A few days ago I feebly attempted to create a live Linux USB for my MacBook Pro (mid-2010 model). And, oh boy that failed miserably.
While there is no issue booting from a CD, this can cause a problem on newer Mac models that don’t have a CD drive at all. In those cases, simply dd
-ing the ISO (or converted to DMG) file to a USB doesn’t work at all. Why? Well, I can’t say exactly why, but essentially, Macs do not use BIOS but use EFI.
If you don’t know, the whole reason why Apple made “Bootcamp” was to support a BIOS emulation layer within EFI to allow booting Windows. While there are some version of Windows Vista and higher that can boot on EFI, they don’t tend to be as supported (driver-wise) as BIOS-booting.
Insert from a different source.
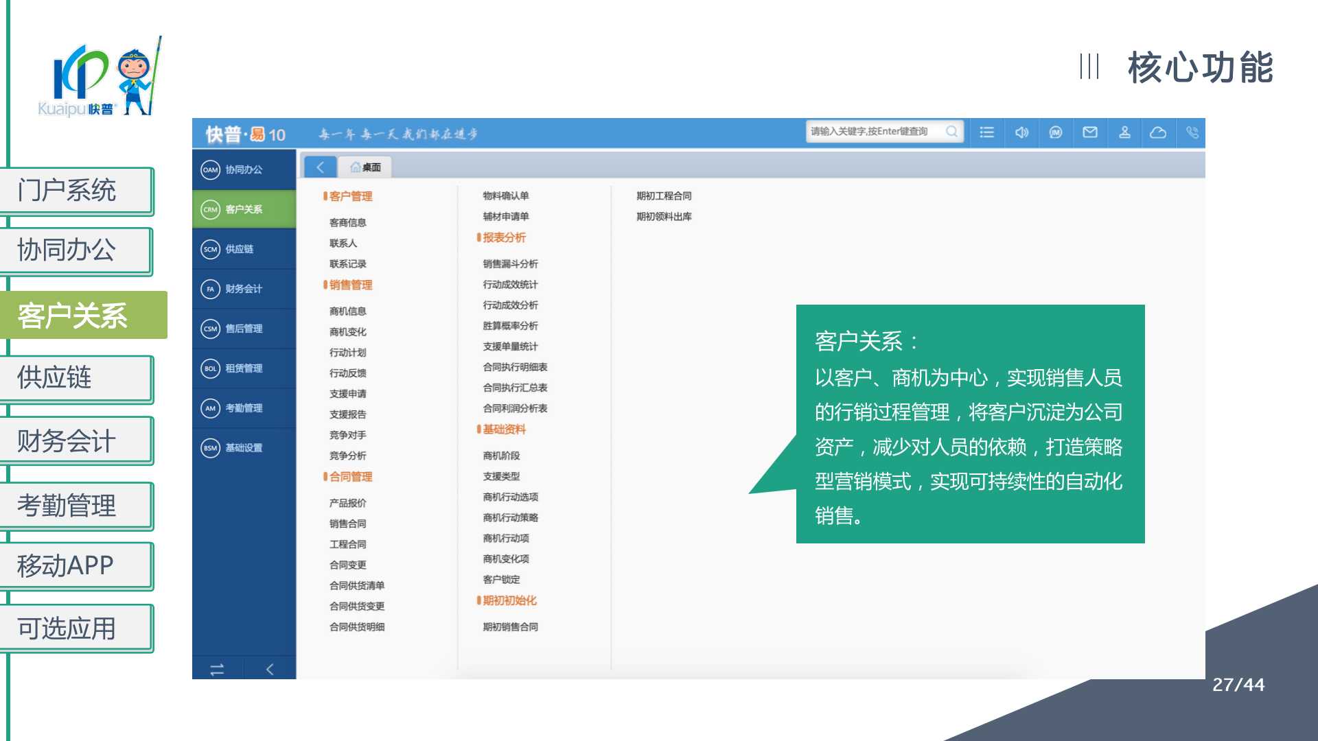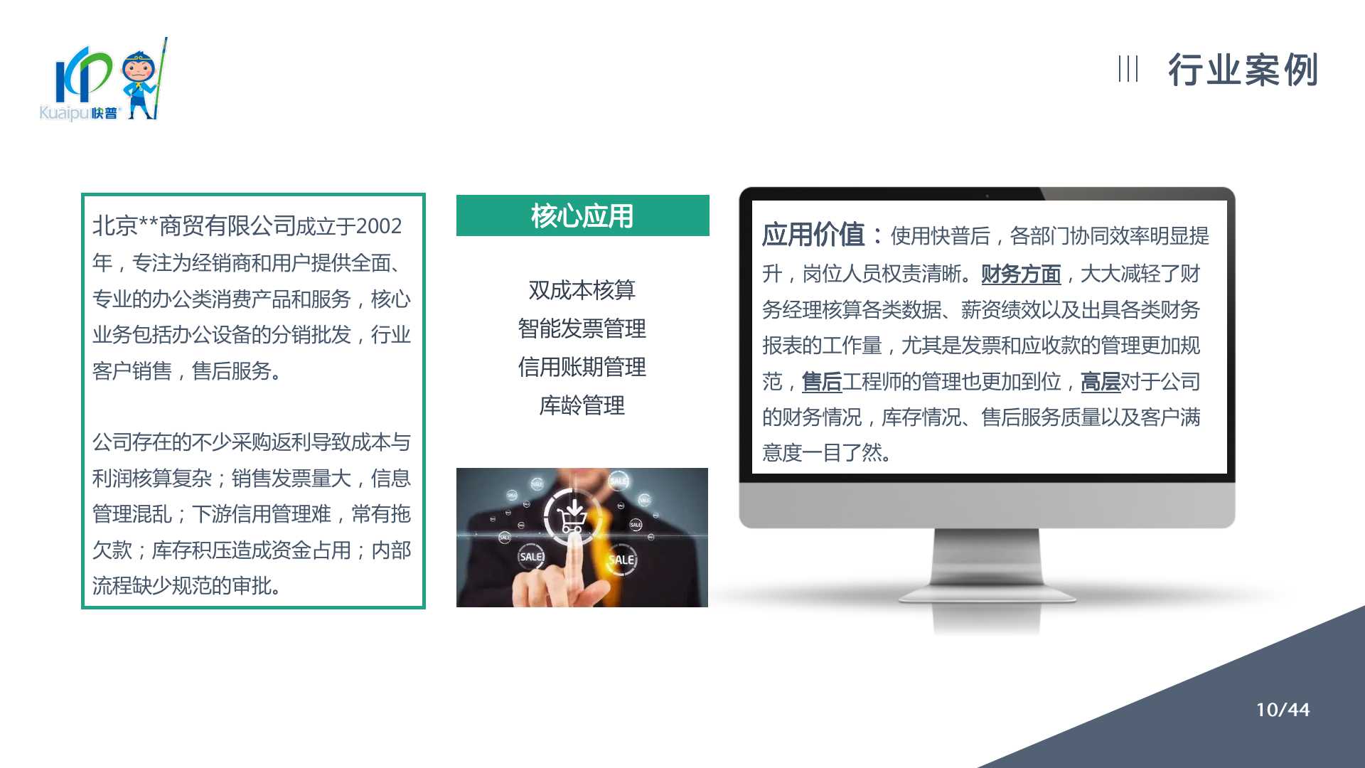 快普易10(商貿(mào)版)提供以客戶為中心的數(shù)字化管理解決方案,涵蓋客戶、銷售、庫存、資金、財務等業(yè)財一體化管理,全面優(yōu)化流程、提高企業(yè)效率,讓每一筆生意明明白白!

The crux of the issue, then, is that if there is such a thing nowadays as “PC-compatible”, it essentially means x86-compatible and BIOS, and Macs are still not PCs in that sense. So a vast majority of Linux distributions cannot boot as-is on a USB key on a Mac.
I found some kind of solution here that allows booting an ISO file from a USB key with no need to burn a CD. It ripped apart the internals of rEFit to do so, but it seems to work. I said “seems” because there were still video driver issues with Ubuntu, and I haven’t tried any other Linux distro yet, but at least something was booting.